Sidaris' charm is due to cheesy dialogue and sexual innuendo mixed with beautiful people and a change-at-will plotline. The beautiful people are there and the plot is properly absent, so the fault must lie in the writing, a largely dialogueless nod to Stallone-inspired minimalism. Without the dialogue however, there are no laughs, and GUNS sinks under the weight of its silicone-enhanced cast faster than the Titanic at tea time.

This Special Edition DVD includes two installments of "Film School" in which Andy and Arlene Sidaris give us glimpses into how movies are made (and proves they do know their craft despite the "B" reputation of Andy's films). They provide us with several cast interviews, including one with the endearingly quirky Devin DeVasquez. Portions of Devin's nude videos are also included, and we get to see more of this beautiful woman than is usual in a Sidaris film. As a rule, Sidaris avoids full frontal nudity and explicit sex.

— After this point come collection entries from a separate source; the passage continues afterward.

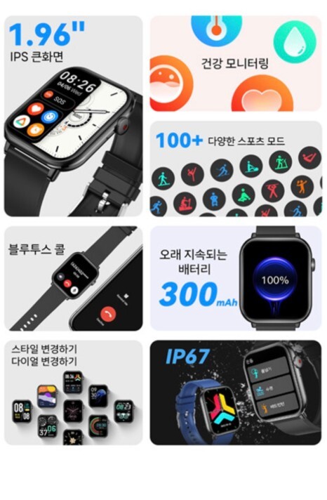 믿을 수 없는 쇼핑 찬스! [위시팜]GloryFit QX9 스마트 워치 한글지원/스트랩 증정/1.96인치 큰화면/ IP67 방수/100+ 스포츠 모드/블루투스 통화/심박수 측정:휴대폰/스마트기기싱가폴, 일본, 한국, 미국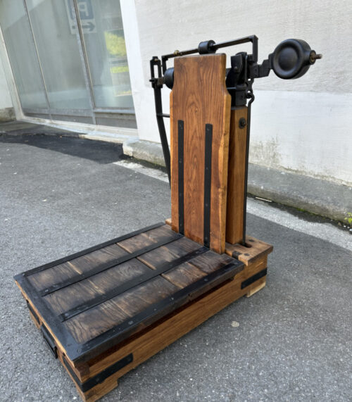 Antike Sackwaage mit Gusseisen und Holz – bis 150 kg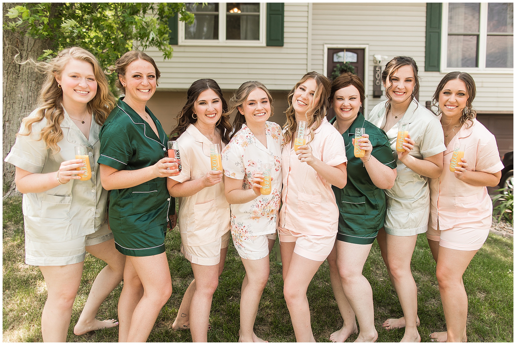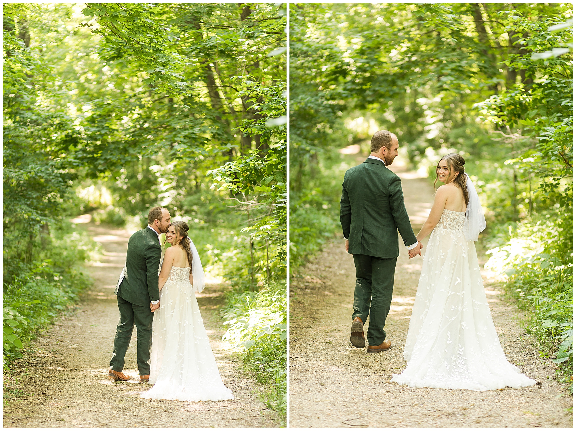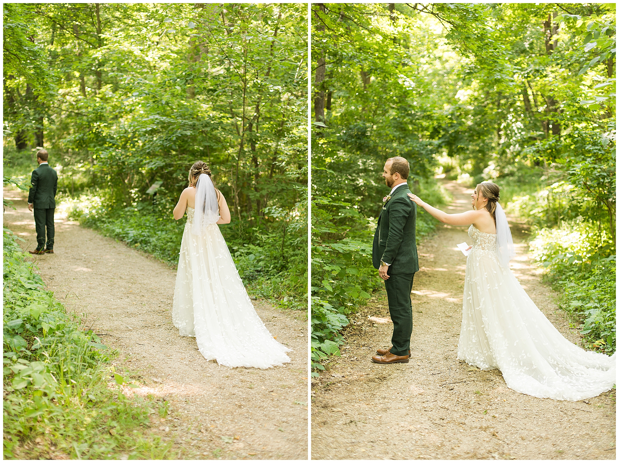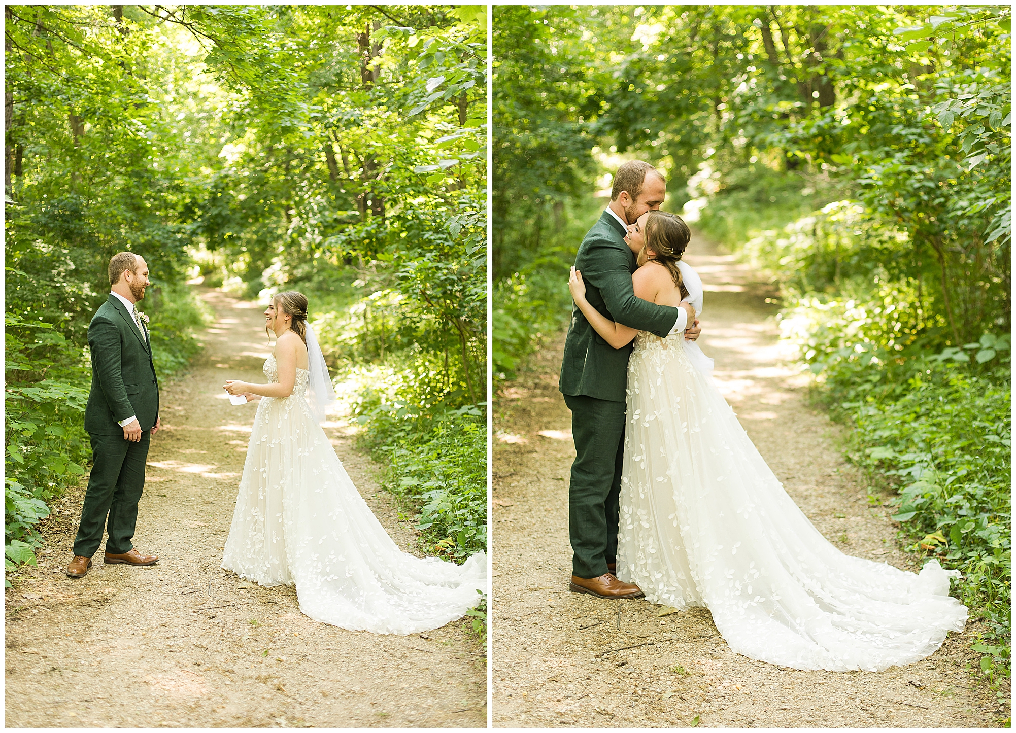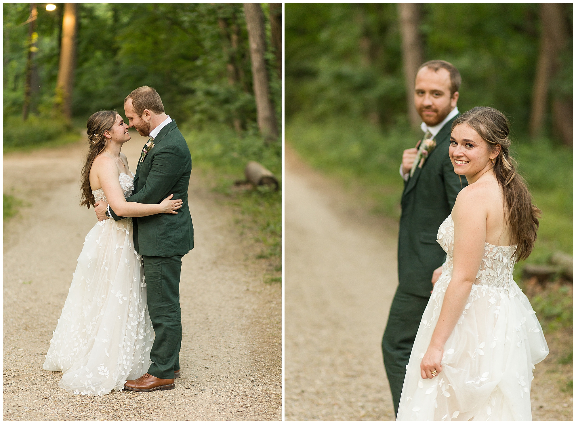 The day was finally here! It felt like such a long time since I last saw Keely and Jake at their engagement session. Now their summer wedding day in the Peoria, Illinois area was here and I couldn’t be more excited! I met up with Keely and the girls at the home she and Jake share for a morning of hair, makeup, and lots of laughter. I already saw a few friendly faces as I photographed Keely’s sister, Mackenzie’s wedding a couple of years ago as well as some other lovely bridesmaids from past weddings. It makes my heart so happy to work with families many times over. Keely’s details were absolutely gorgeous and the amazing textures and colors of her flowers were impeccable! The bridesmaids wore different shades of greens and pinks to go along with the enchanted forest theme. Before we knew it, we made our way to the beautiful Camp Wokanda venue to get Keely dressed. She was glowing as she stepped into her tulle dress with delicate leaf appliqués which flowed when she moved. Absolutely stunning! Jake brought the style as well dressed in a deep emerald linen suit and a floral green and cream tie with matching pocket square. What a statement!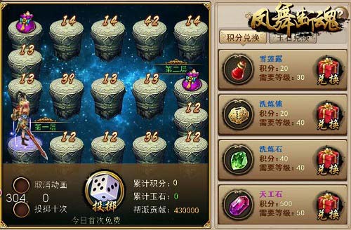 想想每天免费的积分,何不试试自己人品,争取好的道具呢爬的越高,奖励越好,积累积分,兑换坐骑装备与升阶材料,大大提高自己战斗力,快来一起爬塔吧!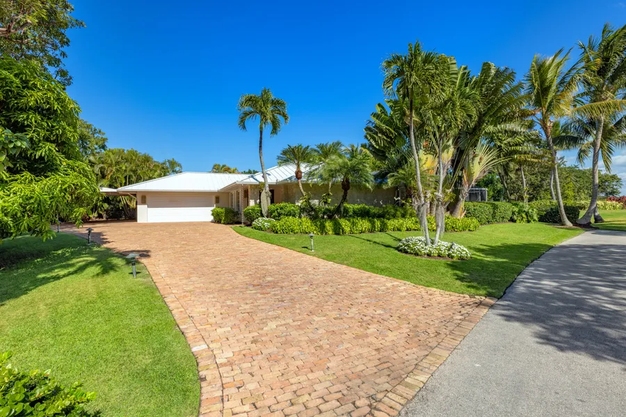 As you approach this all-on-one level home you will understand the uniqueness of this location situated at the end of the street overlooking the 17th fairway of the Dolphin Course. The privacy is unmatched, tucked away with long fairway views. Enjoy sitting outside in a tropical paradise among coconut palms, a key lime tree, banana stands, mango and avocado trees. The landscaping offers Zoysia grass, keystone walkways with river rocks, along with stunning landscape lighting. This three bedroom and three bath home has been tastefully renovated offering stone floors throughout, custom cabinetry, Taj Mahal quarzite in all baths, crown molding, impact windows and doors, raised seam white metal roof, a Generac whole house fully automatic generator with 1000 gallon propane tank and gas tankless water heater. The kitchen is a chef's dream come true with a Viking dual fuel range, Subzero refrigerator, Thermador dishwasher, 42" upper custom wood cabinetry with under counter lighting and granite counters and backsplash. The outdoor patio offers a Shellstone surface both in the pool patio area as well as the outdoor seating area surrounding the live orchids in the trees....a perfect sight for outdoor grilling.

Cynthia Brimhall sings in summation that, "GUNS aren't fun, unless it's love, and then I'm the one." That pretty much sums it up.

not very goodlooking babes for T&A1
Dona Speir looks tough and unpleasant, like she's been out in the hot sun way too many years, and of her co-stars only Cynthia Brimhall has any appeal and we don't see enough of her. The Sidaris formula is worn out.

Shoot ME instead, please1
Not every script is perfect. Even those films labeled "the greatest" may have one or two errors or small problems that are otherwise ignorable. But this film - this film is something different. The dialogue is so bad it made Ed Wood look like David Mamet. The characters are all flat and ridiculous, with acting virtually nonexistant. To top it all off, there are plotholes in this thing you can drive an 18 wheeler through. I loved the part where they claimed that there were no fingerprints at the crime scene even though the assassin left a playing card that she touched with her bare hands.

I think I was supposed to be aroused by this film. I was laughing at it more. One of the main female cops has a mother who's a DA, but her mother looks younger than she does. This didn't help that the daughter was thrown around the screen in scantily clad clothing - sorry, but wrinkly breasts don't do it for me. And did I mention the dialogue in this thing is terrible?

"Why don't you settle down, have some babies or something?"
"I guess some people just aren't cut out for that sort of thing."
"Yeah, I guess not."

...uh...what?

"I want this area sealed off, we got some new developments."
"Where are Donna and Shane?"
"We got some new developments too."

Remind me why Hollywood is a competitive market again?

Do not watch. Really. Some of you nerds out there might be thinking this will be a fun film to watch to fill that empty shell where a socially progressive person is supposed to be, but be warned that is only if you get aroused by your college friend's mother.